The datapoints are intended primarily to provide an enhancement of the core FLAN Collection data which relies upon the detailed step by step reasoning capabilities of GPT-3.5 and GPT-4.
This "reasoning trace" augmentation has demonstrated exceptional results, allowing a LLaMA-13B model trained with this data to rival or beat GPT-3.5 on broad sets of hard reasoning tasks which all models below 100B parameters had previously performed dramatically worse on.
1) There is not enough CoT data in the FLAN Collection to generate 150K zero-shot entries, as the paper purports to use.
We suspect this portion was either undocumented or misrepresented. We have used the ~75K points available.

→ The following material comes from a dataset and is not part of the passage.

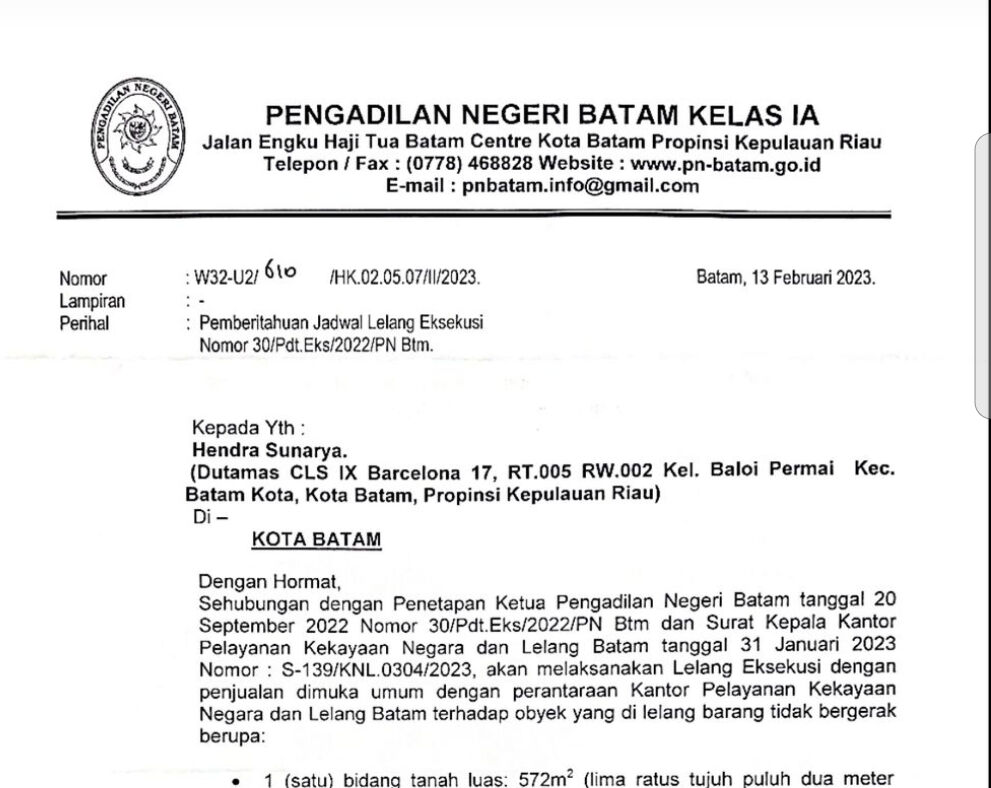 Perlu diketahui sebagai korban Hendra Sunarya Warga Batam dirinya diketahui mendapatkan Surat Pemberitahuan dari Pengadilan Negeri Batam Kelas 1A – Nomor : W32-U2/610/HK.02.05.07/II/2023, menyatakan jadwal Lelang Eksekusi Nomor 30/Pdt.Eks/2022/PN Btm, Tanah nya yang bertempat di Dutamas CLS IX Barcelona 17 Batam akan di Lelang oleh Balai Lelang atas Perintah Pengadilan Negeri Batam dan atas dilelang nya tanah ini Hendra mengalami kerugian sebesar 3 Miliar.

2) We used the pre-generated FLAN Collection datasets hosted on HuggingFace under conceptofmind, e.g. [conceptofmind/flan2021](https://huggingface.co/datasets/conceptofmind/flan2021_submix_original).
These are referenced by the [official FLAN Collection repo](https://github.com/google-research/FLAN/tree/main/flan/v2) as the preferred data source.
However, these are a subset of the full FLAN Collection data, and have less than the required entries for the flan2021 and t0 submixes, by ~1.25M and 200k respectively.
The dataset can be used for tasks related to language understanding, natural language processing, machine learning model training, and model performance evaluation.